_Instructions for the task_
The printed result should hold only the lines from the opening of the data through the line bearing "次に「voice」というトラック名前を「vox」に変更、レコーディングします。", exactly as given and without pictures.

_Recorded data_

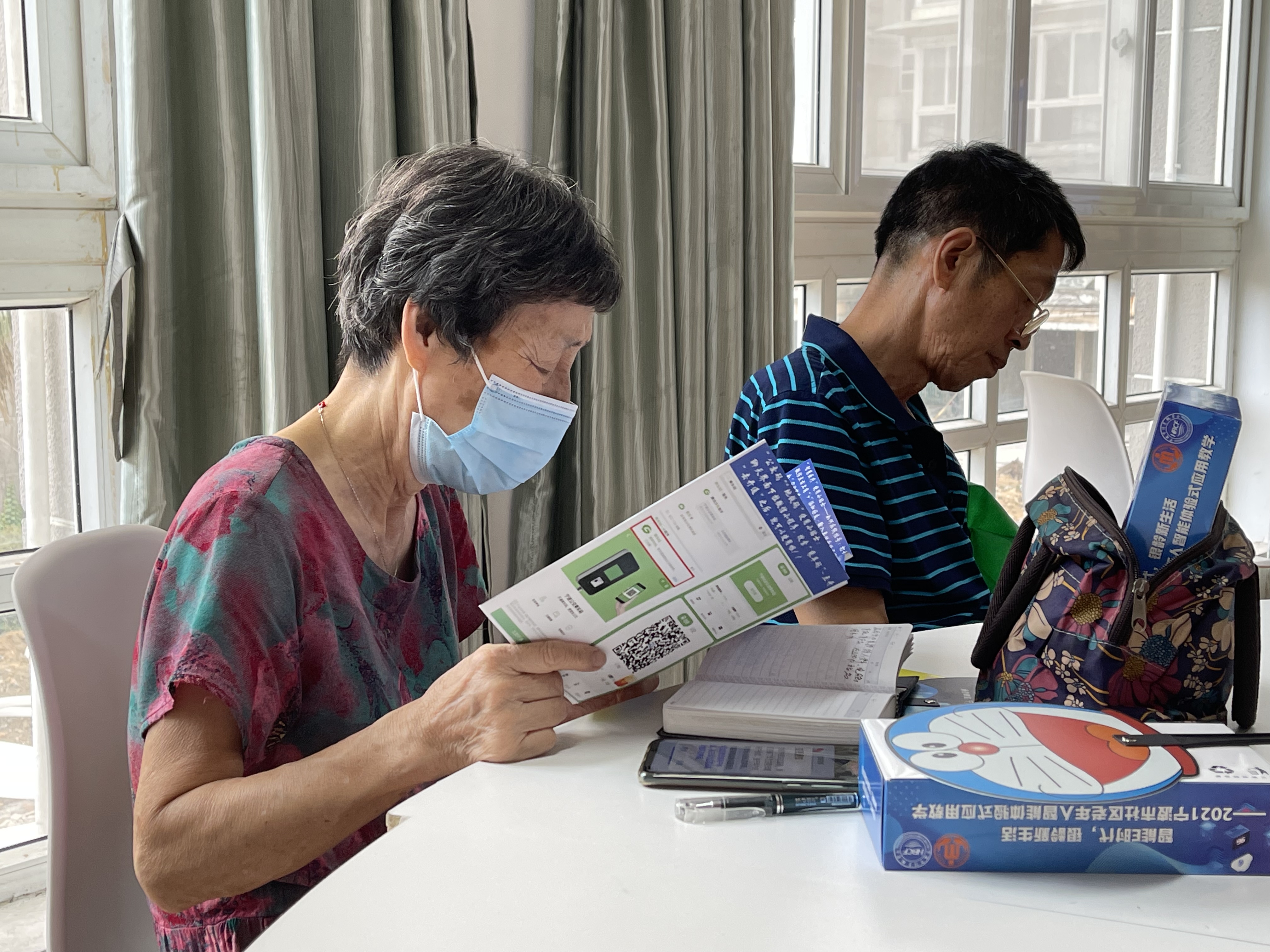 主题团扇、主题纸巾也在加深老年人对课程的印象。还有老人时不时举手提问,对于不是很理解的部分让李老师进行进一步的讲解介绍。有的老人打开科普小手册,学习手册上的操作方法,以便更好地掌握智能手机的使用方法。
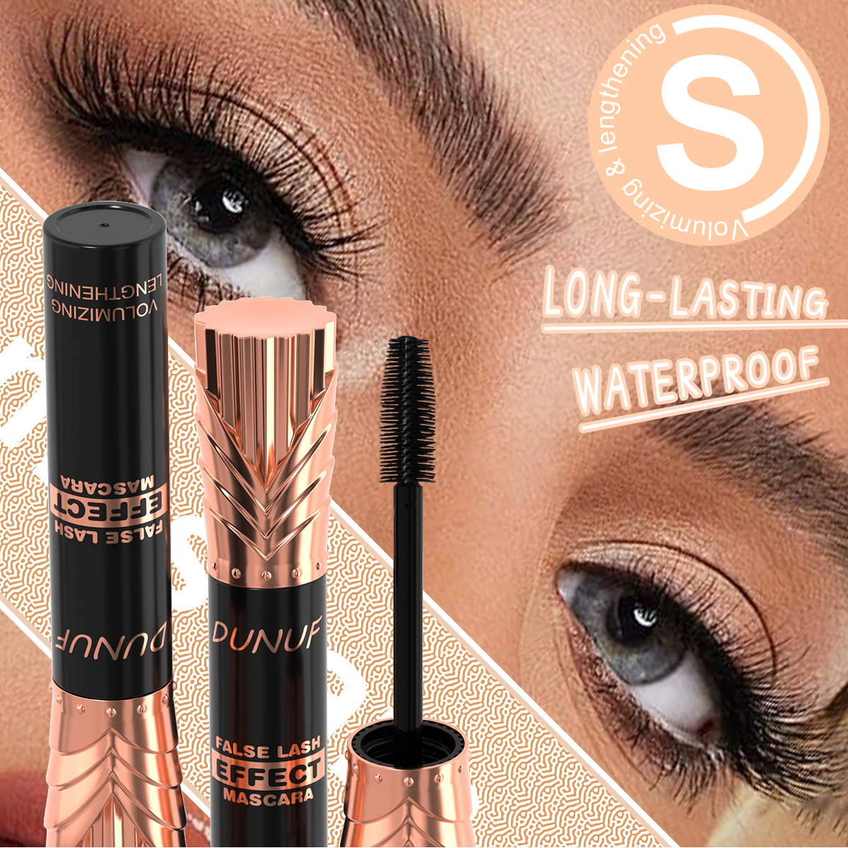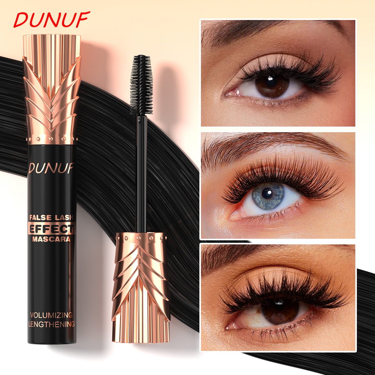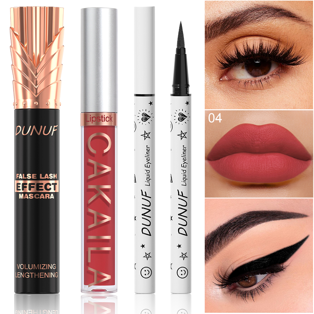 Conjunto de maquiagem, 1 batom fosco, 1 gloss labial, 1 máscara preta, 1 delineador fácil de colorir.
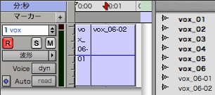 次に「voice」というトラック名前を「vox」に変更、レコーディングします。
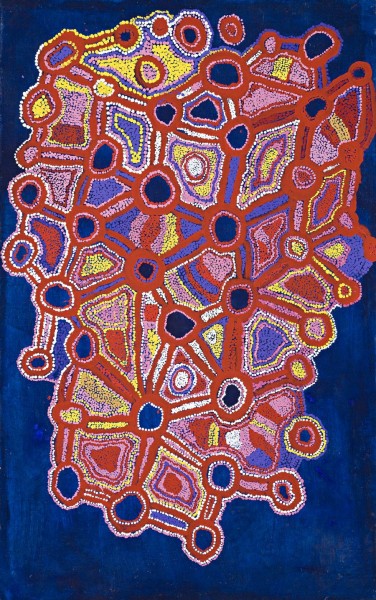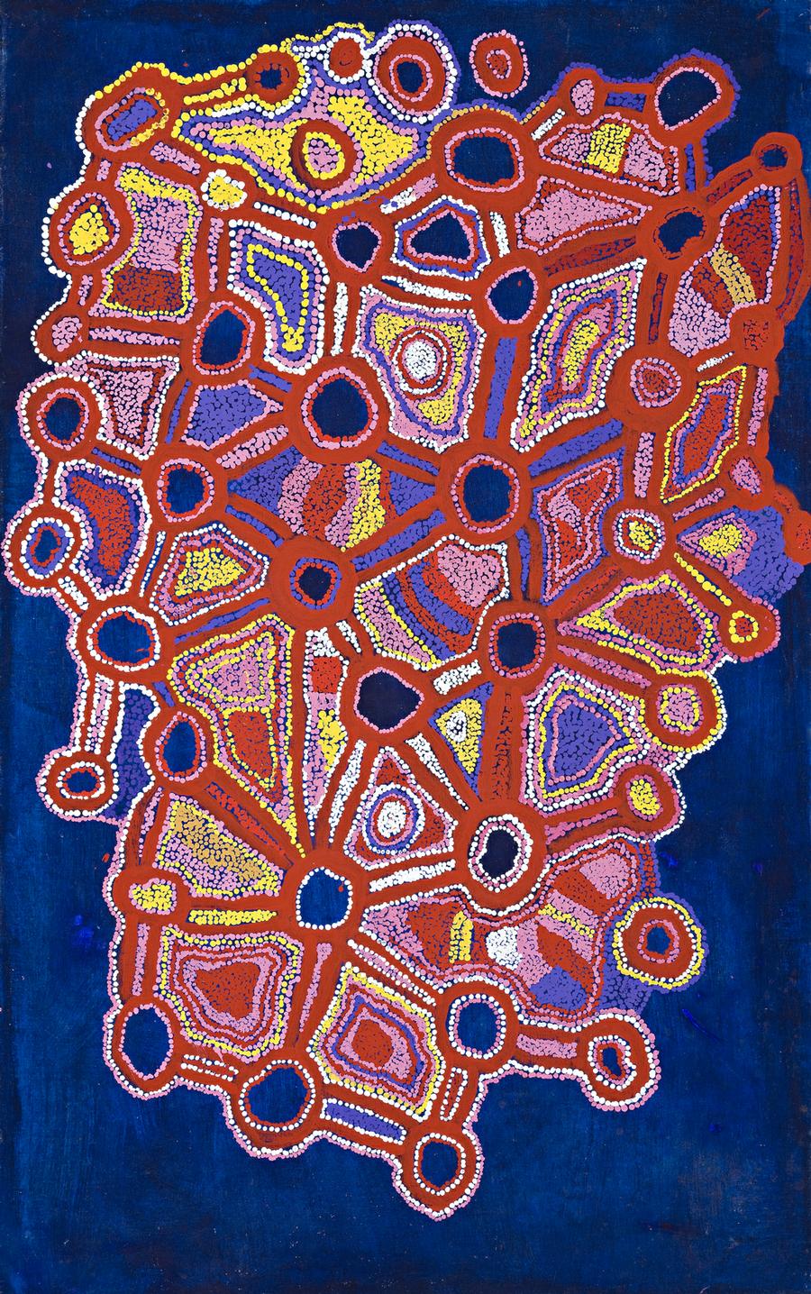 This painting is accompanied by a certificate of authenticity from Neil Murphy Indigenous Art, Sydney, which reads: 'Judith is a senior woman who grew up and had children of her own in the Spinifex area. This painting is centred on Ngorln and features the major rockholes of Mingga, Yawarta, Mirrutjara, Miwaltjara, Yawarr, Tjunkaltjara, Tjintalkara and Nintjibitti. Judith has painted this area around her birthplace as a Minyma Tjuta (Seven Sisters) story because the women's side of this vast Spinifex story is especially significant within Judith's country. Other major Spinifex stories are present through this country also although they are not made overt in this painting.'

_Written answer_
 主题团扇、主题纸巾也在加深老年人对课程的印象。还有老人时不时举手提问,对于不是很理解的部分让李老师进行进一步的讲解介绍。有的老人打开科普小手册,学习手册上的操作方法,以便更好地掌握智能手机的使用方法。
 Conjunto de maquiagem, 1 batom fosco, 1 gloss labial, 1 máscara preta, 1 delineador fácil de colorir.
 次に「voice」というトラック名前を「vox」に変更、レコーディングします。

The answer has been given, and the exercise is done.